Segmentation of the left ventricle from 4D echocardiography plays an essential role in quantitative cardiac functional analysis. Due to gross image inhomogeneities, artifacts, and poor contrast between regions of interest, robust and accurate automatic segmentation of the left ventricle, especially the epicardial border, is very challenging in echocardiography. The inherent spatio-temporal coherence of echocardiographic data provides important constraints that can be exploited to guide cardiac border estimation and has motivated a spatio-temporal view point of echocardiographic segmentation.
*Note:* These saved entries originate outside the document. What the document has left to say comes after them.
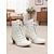 女性用1930年代ヴィンテージレースアップホワイトアンクルブーツ、花柄レースインサート付き。フォーマルなイベント、結婚式、パーティーに最適なエレガントなレトロスタイルのヒール。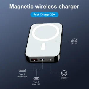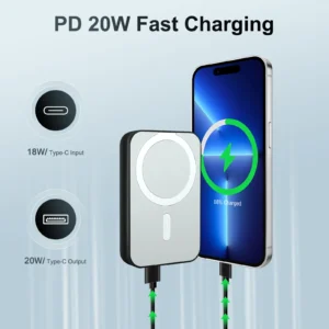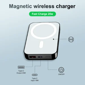 Supports 20W fast charging/supports 15W Qi wireless charging/supports magnetic Qi wireless charging/supports Type C input and output/supports USB output/with magnetic ring suitable for wireless smartphones.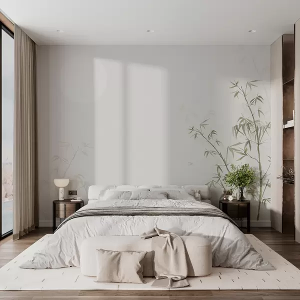 Fototapetes Minimālisma stilā Japandi augu bambusa un saules Chinoiserie zaļā krāsā Nr. w00547

Following the seminal work of Cootes et al. [1] on statistical shape/appearance modeling, a number of spatio-temporal statistical models (e.g., [26]) have been proposed for learning dynamical priors offine from databases. While these models have advantages in different aspects, the problem of forming a database that can handle a wide range of normal and abnormal heart images is still open to our knowledge. The assumption that different subjects have similar shape or motion pattern or their clinical images have similar appearance may not hold for routine clinical images, especially for disease cases, due to natural subject-to-subject tissue property variations and operator-to-operator variation in acquisition [7]. For example, for post-infarct patients, the positions, sizes and shapes of infarcts and thereby the overall heart motion can be highly variable across the population. It is very hard to build a reliable database accounting for all these variations, while such individual uniqueness is essentially desired information in some important applications like motion-based functional analysis. In addition, the tremendous cost of building reliable databases compromises the attractiveness of the database-driven methods.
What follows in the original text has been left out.